RO_Register<0x43C00000> bf_version;
RW_Register<0x43C00004> bf_control;
WO_Register<0x43C00008> bf_offset;
RO_Register<0x43C00008> bf_debug;
WO_Register<0x43C0000C> bf_num_word;
I then created a class to encapsulate the bit flip module itself. This is another class that I would create as a singleton in a real application. The class has an initialization method that sets up the AXI high performance slave port on the Zynq PS (covered in my previous post). The class contains a single method to flip the bits of an array of words.
void init();
void flip(uint32_t * data, uint32_t len);
The constructor of the class calls the intialize method. Inside the flip
function, some information is printed, including the module version, the passed data is copied into the DDR at the PL-accessible DDR address (DDR_BASE
), and the cache is flushed (covered in my previous post.)
//Print some info
printf("Version: %lx\n", bf_version.read());
printf("Status: %lx\n", bf_control.read());
printf("Flipping %ld words.\n", len);
//Copy the input data to the DDR
for(uint32_t i = 0; i < len; i++)
{
*((uint32_t*)DDR_BASE + i) = data[i];
}
//Flush cache to DDR
Xil_DCacheFlush();
Next the offset and number of words are written to the bitflip module via the register objects, and the module is enabled. The function then loops waiting for "done" or "error" and then flushes the cache again. This routine doesn't do any actual error checking, but the status register is printed.
//Offset (from 0)
bf_offset.write(DDR_BASE);
//Number of words
bf_num_word.write(len);
//Enable
bf_control.write(1);
//Wait for done or error
while(bf_control.read() == 0){}
//Flush cache again to get actual DDR contents
Xil_DCacheFlush();
//Print status
printf("Status after flip: %lx\n", bf_control.read());
Lastly, the data is copied back to the user-provided array. The main function of the application creates and prints an arbitrary array of words. Next it calls the flip()

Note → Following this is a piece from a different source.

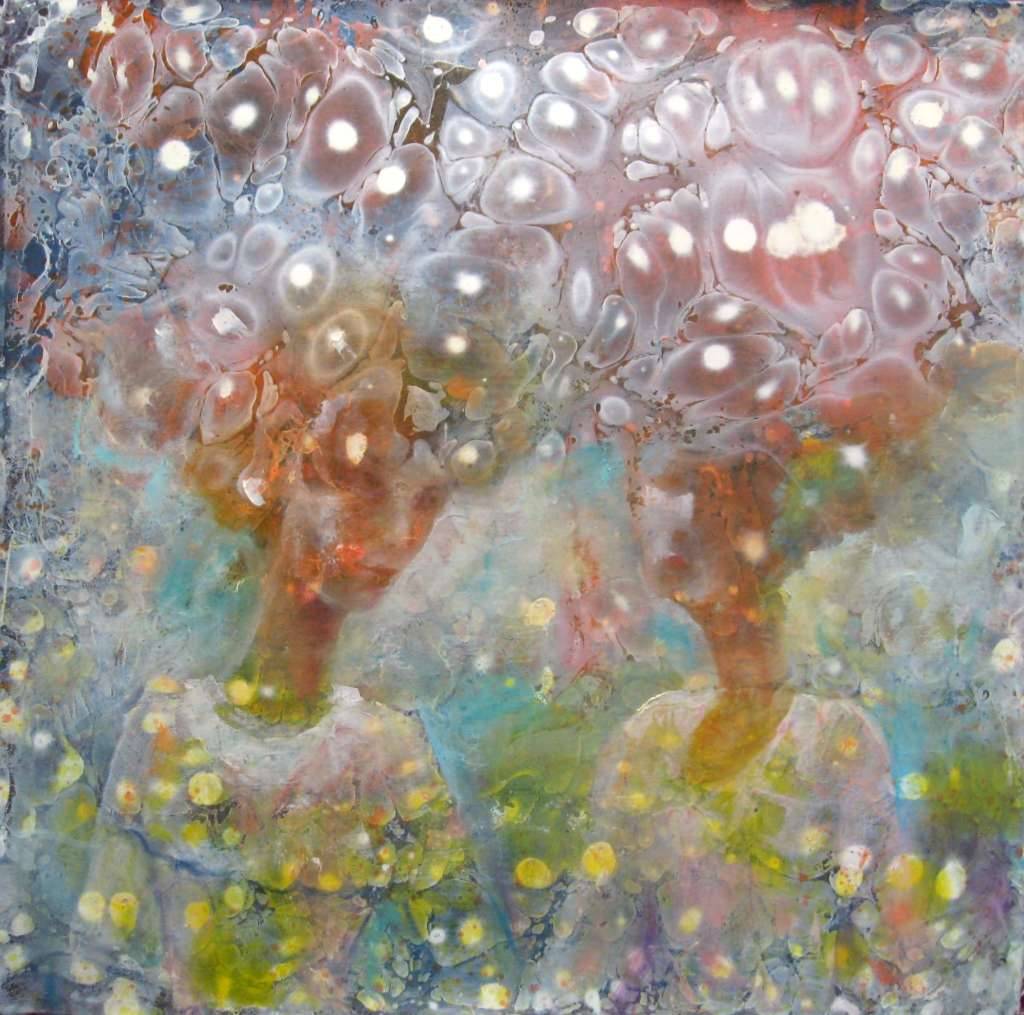 Obraz emanuje tajemniczością, splątany chmurami barw i kształtów, które przenikają się jak w marzeniu. Dominują tu delikatne pastele – błękity, róże i żółcienie, które tworzą subtelny kalejdoskop. Kompozycja zdaje się płynąć, niczym mgła oplatająca dwie postacie czy może cienie. Atmosfera jest eteryczna, trochę zadumana, jak chwila zamyślenia nad kubkiem herbaty. Technika, którą posłużył się artysta, sugeruje zabawę teksturą i pewien chaos, niczym w stylu pouring, który zachwyca swoją nieprzewidywalnością. To taki obraz, przy którym można się zatrzymać na dłużej, bawic oczami, szukać sensu. Nie ma tu jasności przekazu, co może trochę intrygować lub frustrować, bo każdy zobaczy coś innego! Dla mojej młodszej siostry to są wróżki w lesie. Wyobraźnia zaczyna pracować, bo te wzory, które przypominają bąbelki, sugerują świat baśni. Czuję, jakby artysta chciał nas wprowadzić w stan reflective. Może to kod międzywarstwowy pełen emocji, nieuchwytny i osobisty. Praca wzbudza ciekawość i chęć odkrycia, co kryje się za tymi mglistymi konturami. A może, po prostu, to tylko piękny chaos.

routine on an instance of the bit flip class. Lastly, it prints the resulting flipped values.
printf("Bit Flipper Test\n");
BitFlipper bf;
uint32_t flip_data[DATA_LEN] = {0x11, 0x22, 0x33, 0x44, 0x55, 0xAA, 0xBB, 0xCC, 0xDD, 0xEE};
//Print the input data
printf("Original: \n");
for(uint32_t i = 0; i < DATA_LEN; i++)
{
printf(" %lx ", flip_data[i]);
}
printf("\n");
//Flip it
bf.flip(flip_data, DATA_LEN);
//Print the output data
printf("Flipped: \n");
for(uint32_t i = 0; i < DATA_LEN; i++)
{
printf(" %lx ", flip_data[i]);
}
printf("\n");
printf("Unflipped (software): \n");
for(uint32_t i = 0; i < DATA_LEN; i++)
{
printf(" %lx ", ~flip_data[i]);
}
printf("\n");
Running the application on the Zynq7000 produces the following output over the serial terminal.
Bit Flipper Test
Original:
11 22 33 44 55 aa bb cc dd ee
Version: 12302020
Status: 0
Flipping 10 words.
Status after flip: 1
Flipped:
ffffffee ffffffdd ffffffcc ffffffbb ffffffaa ffffff55 ffffff44 ffffff33 ffffff22 ffffff11
Unflipped (software):
11 22 33 44 55 aa bb cc dd ee
Obviously, this module has no real purpose, and the AXI interface is extremely inefficient, but I learned a lot in this process, and I think this will provide a good foundation to build off for future projects. I did a fair amount of debugging in the Vivado environment with the VIO and ILA IP cores which I'm certain I will use going forward. In future posts I'm going to keep improving this system and return to implementing and integrating cryptographic modules.